The pattern is clear: Dollar General is concentrated in the South, Southeast, and Midwest — regions with large rural populations, lower median incomes, and fewer competing retailers. Texas leads with 1,772 locations, followed closely by Florida, Georgia, and North Carolina. Tennessee — home to Dollar General's headquarters in Goodlettsville — ranks sixth.

Notably, Dollar General is absent from only three jurisdictions: Alaska, Hawaii, and Montana. Its 48-state footprint is broader than most fast food chains, and the company continues to expand into new markets.

Dollar General vs. The Competition

How does Dollar General compare within the discount retail space?

Chain US Locations Est. Revenue Per Location Est. Total Revenue
Dollar General 19,066 $2.0M $38.1B
Dollar Tree 8,996 $2.2M $19.8B
Walmart 5,540 $100M $554B
Target 2,384 $54M $128.7B

Dollar General has 3.4x more locations than Walmart and 8x more than Target. But the revenue-per-location difference is staggering: a single Walmart Supercenter generates 50x more revenue than a Dollar General store.

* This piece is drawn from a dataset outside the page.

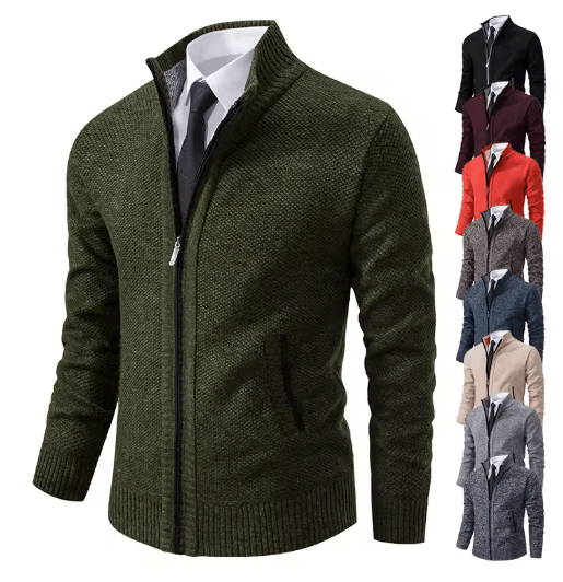 Mens Autumn Winter Casual Sports Cardigan Fleece Lined Stand Collar Zipper Sweater wine Red Hooded l

The tradeoff is clear — Dollar General wins on accessibility and ubiquity, while big-box retailers win on per-store economics.

What This Ranking Reveals About American Commerce

  • Discount retail dominates the landscape — Dollar General and Dollar Tree together operate 28,062 locations, more than McDonald's and Starbucks combined
  • Gas stations are everywhere — ExxonMobil (15,954) and Shell (11,454) together account for 27,400+ locations, reflecting America's car-dependent infrastructure
  • Fast food chains cluster tightly — Four fast food brands each operate 13,000+ US locations, creating intense competition in suburban markets
  • Pharmacies anchor communities — CVS (8,078) in the top 10 reflects the essential role of pharmacies as neighborhood anchors
Explore the Data Yourself

All data in this article comes from StatsPanda's Location Intelligence Tool — see which brands dominate your state and discover underserved markets.


  • 50+ major US brands tracked
  • 243,000+ locations with revenue estimates
  • Per-store profiles & competitor analysis
  • Market saturation & CSV/PDF exports
Try the Location Intelligence Tool

Methodology

Location data sourced from the Overture Maps Foundation (January 2026 release) and processed through StatsPanda's Location Intelligence engine. Revenue per location uses Average Unit Volume (AUV) figures from SEC 10-K filings (Dollar General, Walmart, Target), FDD Item 19 disclosures, and industry reports. Rankings include all 50 brands tracked in the Location Intelligence Tool across 10 categories: fast food, grocery, retail, gas stations, pharmacy, convenience stores, banking, fitness, and hotels. State counts include Washington, D.C.